Booker confirmed it has expanded its ranges in Northern Ireland due to changes to post-Brexit trade agreements at the beginning of October.
Minister of State and former Tesco director Baroness Neville-Rolfe claimed in a letter sent on 12 October that: “Significant wholesalers such as Booker have written to customers noting that they are now able to, “bring back some of your favourite products that we had to remove due to the previous Northern Ireland Protocol.”
Asked to confirm the claim and provide details of lines reintroduced, a spokesperson for Booker told Better Retailing: “There are a number of changes in the Windsor framework which have allowed us to increase the range of products available to customers at our Belfast Makro branch.

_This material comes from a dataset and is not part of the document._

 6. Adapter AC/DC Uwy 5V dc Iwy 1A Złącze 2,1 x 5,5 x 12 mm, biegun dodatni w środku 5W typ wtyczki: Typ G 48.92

“For example, our Belfast branch is now able to sell a broader range of catering-format products, which were previously not covered by STAMNI (as this scheme only covered retail products that were packed for end consumers).”
Booker added: “We continue to work with government to implement the Windsor framework and offer our customers in Northern Ireland a fantastic range of products at great prices.”

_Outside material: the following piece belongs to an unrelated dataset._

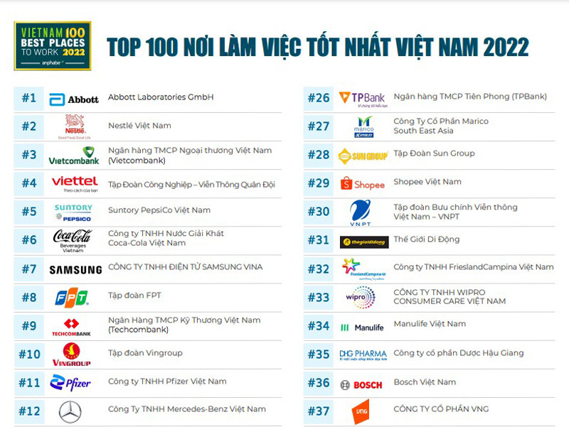 Cộng đồng nghề nghiệp Anphabe kết hợp với Công ty nghiên cứu thị trường Intage vừa công bố danh sách những nơi làm việc tốt nhất Việt Nam năm 2022. Đây cũng là mùa thứ 9 Anphabe công bố danh sách này.

A new arrangement for the import and export of goods to and from Northern Ireland began on 1 October, known as the Windsor Framework.

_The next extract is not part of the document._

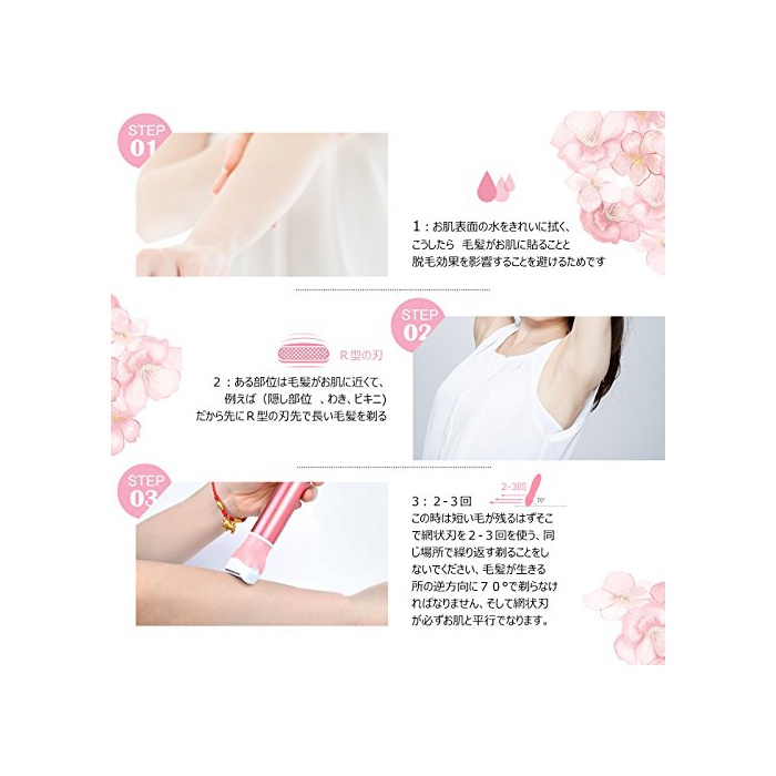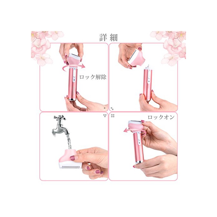헤드내 인세척 가능:헤드는 떼내어 가능한 설계에,사용 후의 청소도 간단하게 세척 수 있고깨끗하게 심부름꾼 있던 뿐입니다.건습양용에,욕실에서도 사용 가능.목욕탕에 들어간후,따뜻해져 피부(기)가 부드러워지는 때문에,탈모하기 쉽고, 피부에 상냥한 감촉입니다.본체는 방수 기능이 붙어 있지 않으므로, 주의하여 주십시오.

Despite, the minister’s claim, stores in the country said they had noticed little change. For instance, Judith Mercer, owner of Hamilton’s Newsagents in Cregagh in County Down said it had been hard to measure the change from the new procedures. “Availability has been very good and credit goes to Spar for working hard to maintain this. There had been Brexit related issues previously with things like cheese and biscuits but it can be hard to determine the reason for supplier outages, though it does seem like some could be due to errors in customs paperwork.”
Glyn Roberts, chief executive of Retail NI told RN there had been ‘no substantial issues’ reported so far related to the switch to the Windsor Framework.